Applying this definition to our asset in some examples:
  • Compared with the benchmark SPY (488 days) in the period of the last 5 years, the maximum days under water of 263 days of World Countries Developed is lower, thus better.
  • Compared with SPY (488 days) in the period of the last 3 years, the maximum days below previous high of 263 days is lower, thus better.

AveDuration:

'The Average Drawdown Duration is an extension of the Maximum Drawdown. However, this metric does not explain the drawdown in dollars or percentages, rather in days, weeks, or months. The Avg Drawdown Duration is the average amount of time an investment has seen between peaks (equity highs), or in other terms the average of time under water of all drawdowns.
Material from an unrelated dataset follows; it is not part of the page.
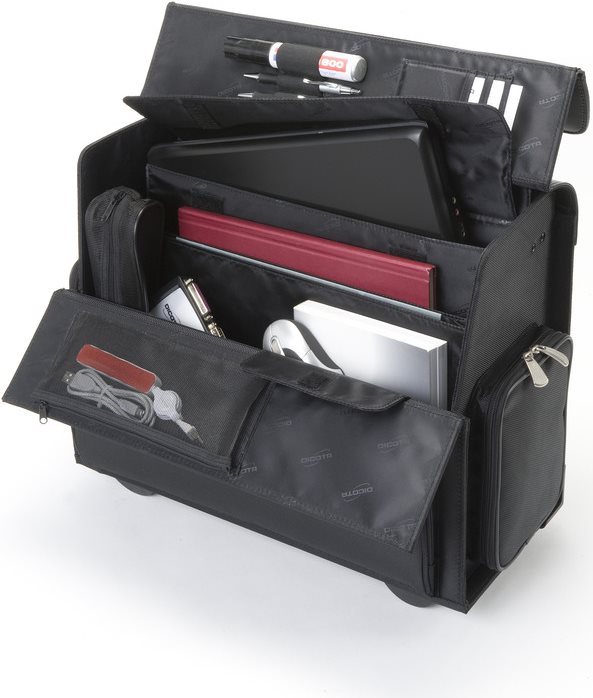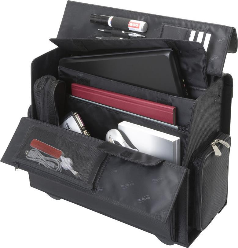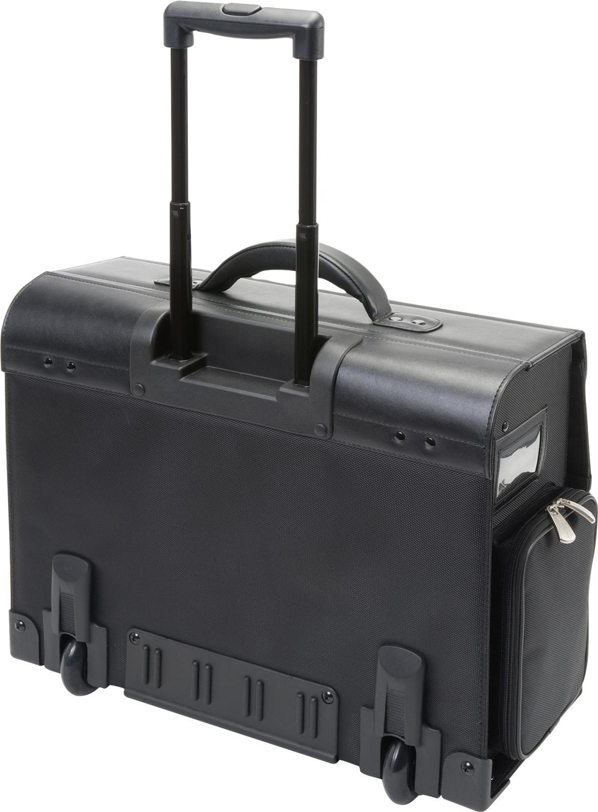Das ComfortCase ist Ihr perfekter Begleiter für unterwegs. Das mobile Büro bietet neben viel Stauraum für Dokumente, Ordner, etc. auch genügend Platz für Notebooks bis zu 17,1" Größe. Das gepolsterte Notebookfach garantiert einen sicheren Transport des Notebooks. Während man im zweigeteilten Dokumentenfach problemlos Unterlagen oder Dokumente verstauen kann, bietet das ComfortCase darüber hinaus noch zusätzlichen Platz für den Transport von zwei nebeneinander aufgestellten DIN A4-Ordnern. Am Kofferdeckel und an der Innenwand des Koffers, sind Halterungen für Stifte, Textmarker und Visitenkarten vorgesehen. Eine Netztasche mit Reißverschluss bietet weiteren Stauraum für sonstiges Zubehör. Auch der Transport von CDs kann problemlos in einer extra dafür vorgesehenen Tasche getätigt werden. Die seitlichen Taschen bieten neben der innen liegenden Halterung für ein Handy zusätzlichen Stauraum für weiteres Zubehör. Der gepolsterte Tragegriff sorgt für ei-nen komfortablen Transport. Die hochwertigen abschließbaren Kofferverschlüsse, sowie der Material-Mix aus Koskin und Nylon, sorgen für den optischen edlen Look. Das integrierte Trolley-System sorgt für einen besonders bequemen Transport Ihres Mobilen Büros.

So in contrast to the Maximum duration it does not measure only one drawdown event but calculates the average of all.'

Using this definition on our asset we see for example:
  • Compared with the benchmark SPY (123 days) in the period of the last 5 years, the average time in days below previous high water mark of 52 days of World Countries Developed is smaller, thus better.
  • Compared with SPY (178 days) in the period of the last 3 years, the average days under water of 69 days is lower, thus better.

Performance (YTD)

Historical returns have been extended using synthetic data.

Allocations ()

Allocations

Returns (%)

  • Note that yearly returns do not equal the sum of monthly returns due to compounding.
  • Performance results of World Countries Developed are hypothetical and do not account for slippage, fees or taxes.
  • Results may be based on backtesting, which has many inherent limitations, some of which are described in our Terms of Use.